Each entry below should be given again exactly; the pictures stay out.

*** Opening Data supplied ***

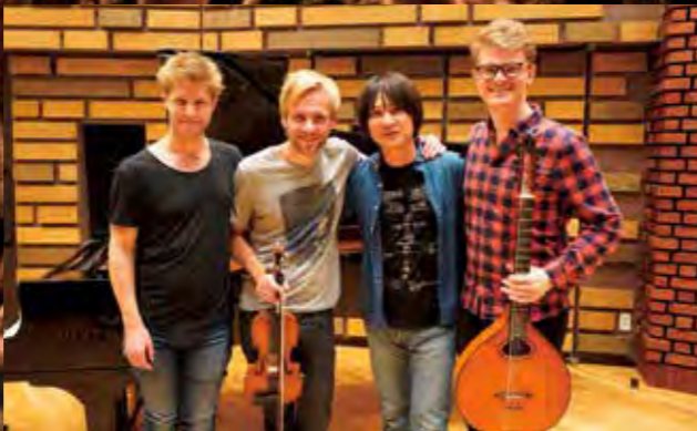
プレイステーション用ゲーム『クロノ・クロス』の音楽を手掛ける光田康典とレコーディングを行った

デンマークが生んだ奇跡のトリオが5年ぶりに所沢ミュージズに帰ってくる！驚異のテクニックを持つ3人の演奏と、デンマークの伝統音楽とクラシック音楽が融合した新たなサウンドをご堪能ください！
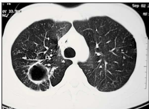
Figura 2. Tomografía axial de tórax, con contraste, en ventana para parénquima, en la que se observan micronódulos centrolobulillares en el pulmón derecho; quiste de 2 x 3 cm de pared gruesa en el segmento apical y el posterior del lóbulo superior derecho, con nivel hidroaéreo en su interior; e imágenes lineales pleuropulmonares indicativas de fibrosis.

(8 %) (5) ; por otra parte, según el segmento medular comprometido, se puede clasificar en cervical, dorsal o lumbar; la más común es la dorsal (1,2) .
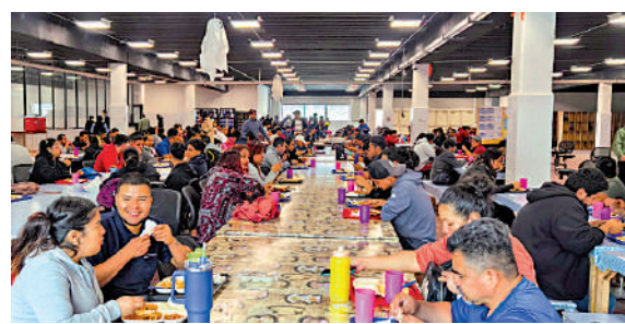
▲敏華控股墨西哥工廠員工聚餐。 大公報深圳傳真

構廠房，其中一棟共計兩層，總面積高達1.4萬平方米，其中兩根大樑間距達到10.75米，可以自由搬運和安放大型生產機器，適合大型工廠前來租用。工業區還配備千人規模的中餐和墨西哥餐食，可以滿足員工就餐需求。除了製造業外，廠房也會出租給服務製造業的物流和倉儲企業，方便貨物進出口。
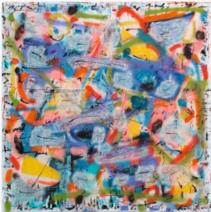
Œil du tigre- technique mixte sur toile - 100 x 100 cm

› Vernissage samedi 15 mai à partir de 18 h
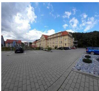
Café Argenta "GenussMomente" Wernigerode
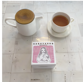
HOT TEA | SADAYAKKO
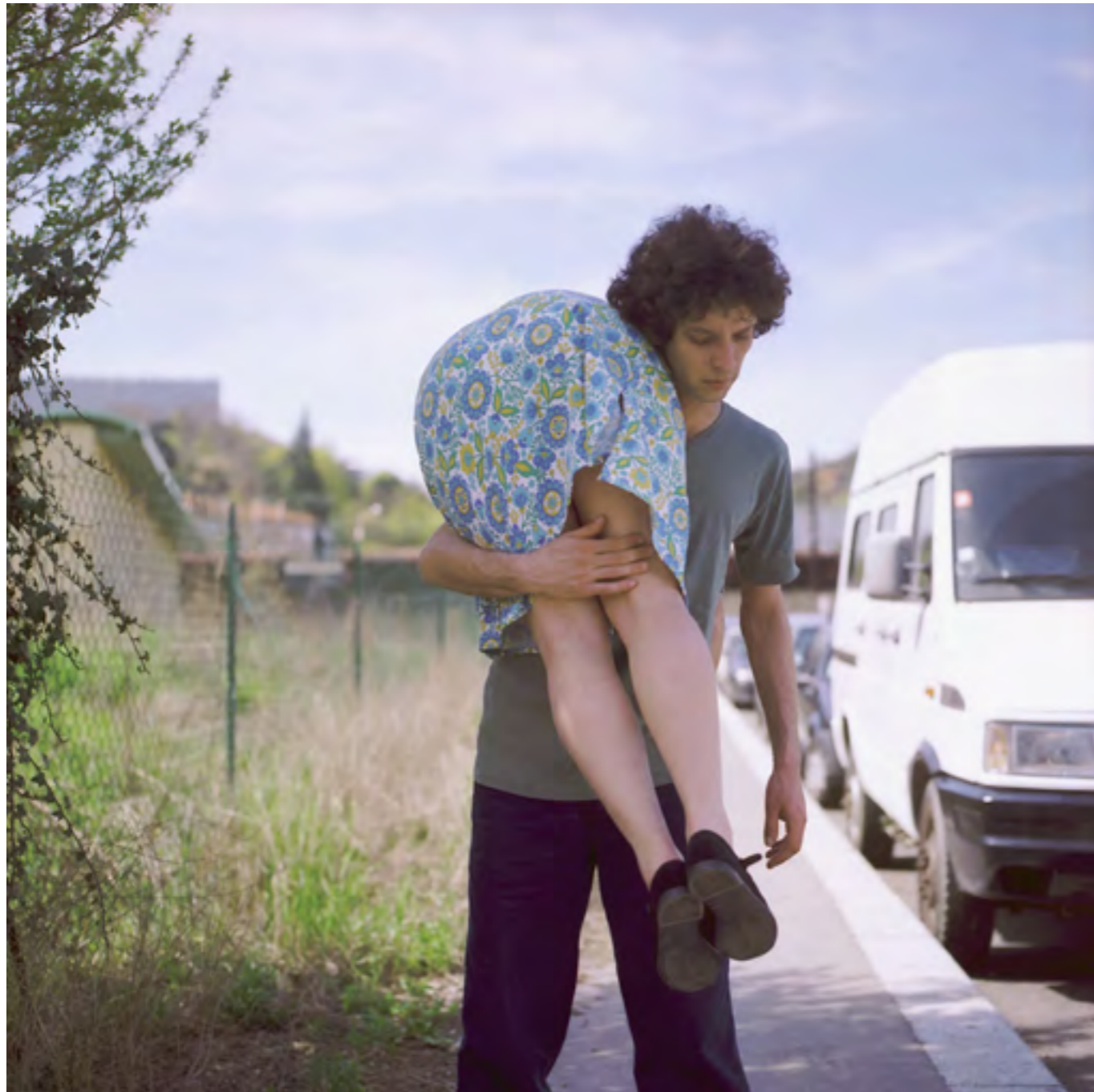
Sans titre n°1 (Les accessoires) , 2006 Photographie couleur; contrecollage sur dibond 120 x 120 cm
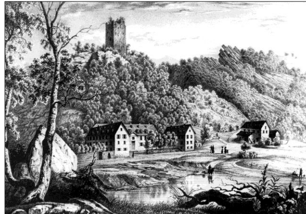
Burg und Schloss Laurenburg (Kupferstich von 1830)

Die Burg ist ganzjährig täglich (außer dienstags) von 10 bis 18 Uhr geöffnet, bei Feiern nach Vereinbarung. Im Turm befindet sich eine Militaria Sammlung. Getränke können preiswert gekauft werden. Kontaktadresse: Burg Laurenburg, 56379 Laurenburg, ☎ 06439/6601
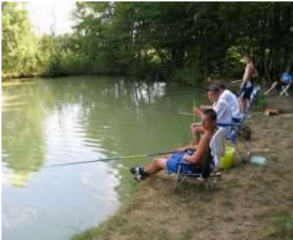
Voor de visliefhebber is er een mooie visvijver.

En op zijn tijd kan ook een BBQ geregeld worden.
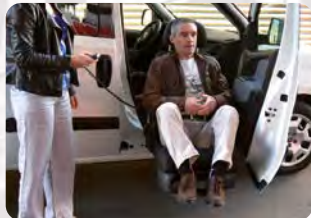
Ein- und Aussteigehilfen
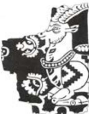
تصویر ۲۳- نقش بز در منسوجات ساسانی، ۶- ۸ میلادی (ریاضی، ۱۳۸۲)

بز کوهی حیوان ملی ایران دانسته شده است. (دادور و منصور، ۱۳۸۵: ۹۱) نقش آن از قدیمی ترین سفالینه های شوش و سیلک تا مفرغ های لرستان و آثار دوران ایلام و هخامنشی و پارتی و ساسانی مورد توجه بوده است. بز کوهی با شاخ های بزرگتر از حد معمول و درست شبیه هلال ماه بر سفالینه ها ترسیم شده است. گاهی شاخ او نماد ماه است. در اکثر پدیده های هنری، آناهیتا (الهه ی آب) در قالب بز کوهی مجسم شده است. بز نماد نیروی زندگی، خالق نیرو و نگهبان درخت زندگی می باشد. همچنین نماد فراوانی محصول و مظهر زندگی و نباتات بوده است. در هنر لرستان بز کوهی را نماد حیوانی خورشید می دانستند. (پورخالقی، ۱۳۸۱: ۲۸۱) پس از فرمانروایی خورشید بز کوهی حیوان خورشید نام گرفت. (دادور و منصور، ۱۳۸۵: ۹۱)
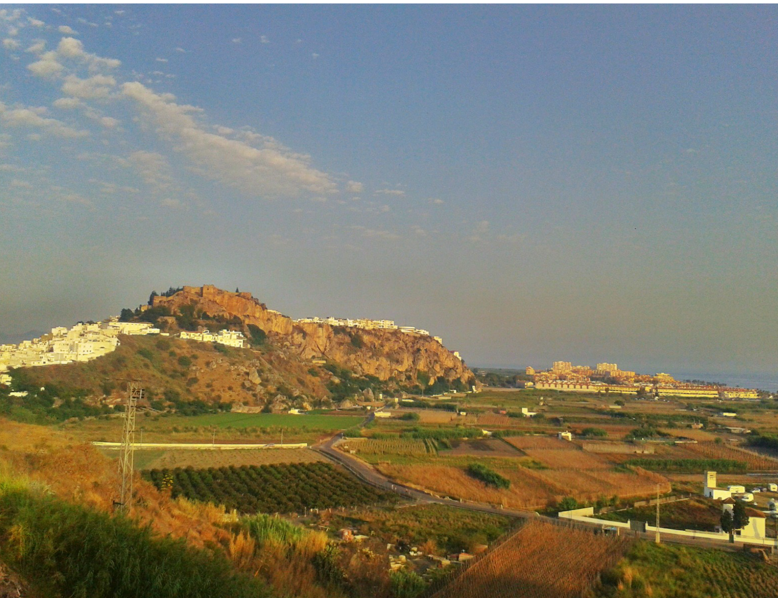
Castillo de Salobreña
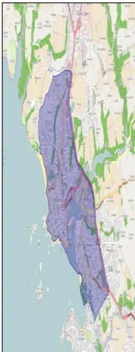
Zone où le port du masque est obligatoire.
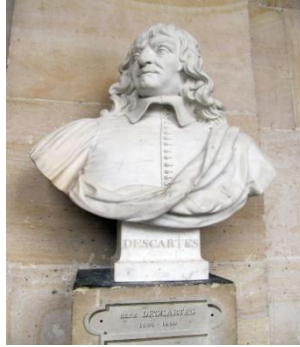
Busto de René Descartes

El Profesor pasa a Explicarle a Sofía las Figuras clave del Renacimiento y el Barroco. También, la Filosofía Dualista de Descartes y su Famosa Frase “ Pienso Luego Existo ”. Más tarde Continúa con la Filosofía de Spinoza, que Creyó que Dios había Creado las Leyes de la Naturaleza que Rigen lo que el Hombre Puede Hacer. Después, le Habla sobre Locke y su Teoría sobre la “ Tabula Rasa ”, también sobre David Hume y George Berkeley, que Pensó que los Humanos solo Existen en la Mente de un “ Dios Creador ”. Alberto le da a Entender a Sofía que son Personajes Ficticios de una Novela que Albert Knag ha Escrito para su hija Hilde.
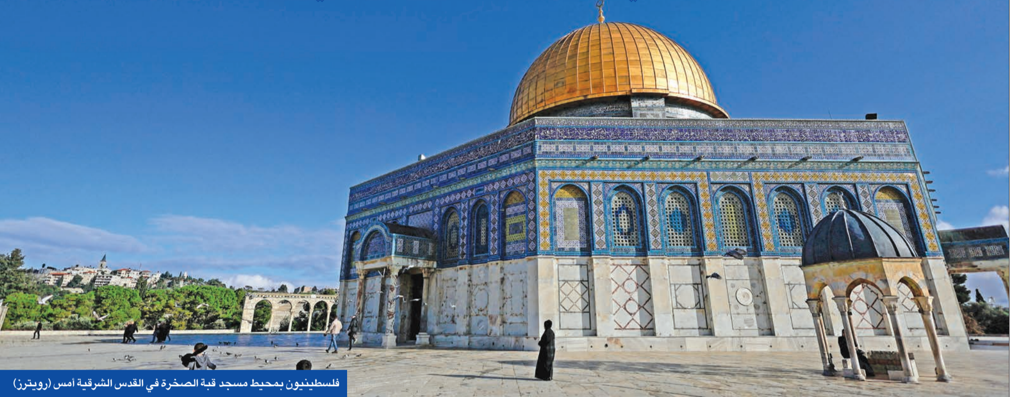
فلسطينيون بمحيط مسجد قبة الصخرة في القدس الشرقية أمس

نتنياهو ويرر القيود على المصلين في «الأقصى»... و«حماس» تنفي بحث استبدال السنوار

*** Closing Data supplied ***

**Problem solution:**
プレイステーション用ゲーム『クロノ・クロス』の音楽を手掛ける光田康典とレコーディングを行った

デンマークが生んだ奇跡のトリオが5年ぶりに所沢ミュージズに帰ってくる！驚異のテクニックを持つ3人の演奏と、デンマークの伝統音楽とクラシック音楽が融合した新たなサウンドをご堪能ください！
Figura 2. Tomografía axial de tórax, con contraste, en ventana para parénquima, en la que se observan micronódulos centrolobulillares en el pulmón derecho; quiste de 2 x 3 cm de pared gruesa en el segmento apical y el posterior del lóbulo superior derecho, con nivel hidroaéreo en su interior; e imágenes lineales pleuropulmonares indicativas de fibrosis.

(8 %) (5) ; por otra parte, según el segmento medular comprometido, se puede clasificar en cervical, dorsal o lumbar; la más común es la dorsal (1,2) .
▲敏華控股墨西哥工廠員工聚餐。 大公報深圳傳真

構廠房，其中一棟共計兩層，總面積高達1.4萬平方米，其中兩根大樑間距達到10.75米，可以自由搬運和安放大型生產機器，適合大型工廠前來租用。工業區還配備千人規模的中餐和墨西哥餐食，可以滿足員工就餐需求。除了製造業外，廠房也會出租給服務製造業的物流和倉儲企業，方便貨物進出口。
Œil du tigre- technique mixte sur toile - 100 x 100 cm

› Vernissage samedi 15 mai à partir de 18 h
Café Argenta "GenussMomente" Wernigerode
HOT TEA | SADAYAKKO
Sans titre n°1 (Les accessoires) , 2006 Photographie couleur; contrecollage sur dibond 120 x 120 cm
Burg und Schloss Laurenburg (Kupferstich von 1830)

Die Burg ist ganzjährig täglich (außer dienstags) von 10 bis 18 Uhr geöffnet, bei Feiern nach Vereinbarung. Im Turm befindet sich eine Militaria Sammlung. Getränke können preiswert gekauft werden. Kontaktadresse: Burg Laurenburg, 56379 Laurenburg, ☎ 06439/6601
Voor de visliefhebber is er een mooie visvijver.

En op zijn tijd kan ook een BBQ geregeld worden.
Ein- und Aussteigehilfen
تصویر ۲۳- نقش بز در منسوجات ساسانی، ۶- ۸ میلادی (ریاضی، ۱۳۸۲)

بز کوهی حیوان ملی ایران دانسته شده است. (دادور و منصور، ۱۳۸۵: ۹۱) نقش آن از قدیمی ترین سفالینه های شوش و سیلک تا مفرغ های لرستان و آثار دوران ایلام و هخامنشی و پارتی و ساسانی مورد توجه بوده است. بز کوهی با شاخ های بزرگتر از حد معمول و درست شبیه هلال ماه بر سفالینه ها ترسیم شده است. گاهی شاخ او نماد ماه است. در اکثر پدیده های هنری، آناهیتا (الهه ی آب) در قالب بز کوهی مجسم شده است. بز نماد نیروی زندگی، خالق نیرو و نگهبان درخت زندگی می باشد. همچنین نماد فراوانی محصول و مظهر زندگی و نباتات بوده است. در هنر لرستان بز کوهی را نماد حیوانی خورشید می دانستند. (پورخالقی، ۱۳۸۱: ۲۸۱) پس از فرمانروایی خورشید بز کوهی حیوان خورشید نام گرفت. (دادور و منصور، ۱۳۸۵: ۹۱)
Castillo de Salobreña
Zone où le port du masque est obligatoire.
Busto de René Descartes

El Profesor pasa a Explicarle a Sofía las Figuras clave del Renacimiento y el Barroco. También, la Filosofía Dualista de Descartes y su Famosa Frase “ Pienso Luego Existo ”. Más tarde Continúa con la Filosofía de Spinoza, que Creyó que Dios había Creado las Leyes de la Naturaleza que Rigen lo que el Hombre Puede Hacer. Después, le Habla sobre Locke y su Teoría sobre la “ Tabula Rasa ”, también sobre David Hume y George Berkeley, que Pensó que los Humanos solo Existen en la Mente de un “ Dios Creador ”. Alberto le da a Entender a Sofía que son Personajes Ficticios de una Novela que Albert Knag ha Escrito para su hija Hilde.
فلسطينيون بمحيط مسجد قبة الصخرة في القدس الشرقية أمس

نتنياهو ويرر القيود على المصلين في «الأقصى»... و«حماس» تنفي بحث استبدال السنوار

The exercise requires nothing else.